Unnamed: 0,OFFENSE_TYPE_ID,YEAR,HOUR_COS,HOUR_SIN,DAY_OF_YEAR,DAY_OF_WEEK,X_BLOCK,Y_BLOCK
367367,assault-simple,2023,-0.9659258,-0.258819,292,3,33404,293445
315042,theft-other,2019,1.0,0.0,147,0,33030,293210
277464,theft-shoplift,2024,-0.8660254,0.5,93,1,33676,292700
328868,theft-other,2020,6.123234000000001e-17,1.0,27,0,35192,294091
211997,criminal-trespassing,2024,-0.5,0.866025,220,2,33446,293255


In this section, we are processing the geographical data to assign each crime incident to a specific grid cell based on its latitude and longitude. We achieve this by converting the coordinates to UTM projection, which provides more accurate distance-based calculations than traditional latitude and longitude. For each point, we calculate the corresponding grid cell by dividing the UTM coordinates by the grid size (15 meters) and then storing the results as `X_BLOCK` and `Y_BLOCK`.

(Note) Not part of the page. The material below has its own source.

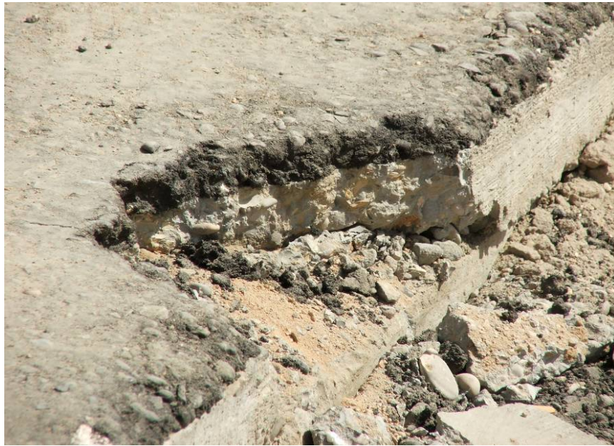
Site Photo 10. Edge of Helicopter Pad

The contract required that the contractor provide a complete design illustrating all existing and proposed new work for the outward oriented perimeter lighting and exterior lighting system. The contractor did not submit lighting plans as part of the design submittal. During the site visit, we noted that the light posts around the helicopter pad were not plumb, and the bases of the lighting poles were not flush with the concrete footings. For an illustration of the light pole concrete footing and light pole base, see Site Photo 11.

However, if any coordinates cannot be processed correctly (due to projection issues or invalid data), we assign -1 as a placeholder. After applying this transformation, we remove any rows where either the `X_BLOCK` or `Y_BLOCK` is -1, indicating invalid grid assignments. The sizes of the DataFrame before and after this removal are printed to highlight the impact of cleaning the data. This step ensures that only valid data points are included for further analysis and modeling.

### Removing Location Outliers
When exporting the data as a CSV file, it can be observed that some of the rows have really low or high X-block values. These are likely location mis-inputs.

We can drop these rows by calculating the interquartile range range for the `X_BLOCK` and `Y_BLOCK` columns and dropping the rows that are outliers.

What I have done below is not the interquartile range. I only want to drop extreme outliers, so I dropped the values that fall outside the middle 98% of rows.

In [7]:
df_shape_before_location_outlier_drop = df.shape

Q1 = df['X_BLOCK'].quantile(0.01)
Q3 = df['X_BLOCK'].quantile(0.99)
IQR = Q3 - Q1

lower_bound = Q1 - 1.5 * IQR
upper_bound = Q3 + 1.5 * IQR

df = df.loc[(df['X_BLOCK'] >= lower_bound) & (df['X_BLOCK'] <= upper_bound)]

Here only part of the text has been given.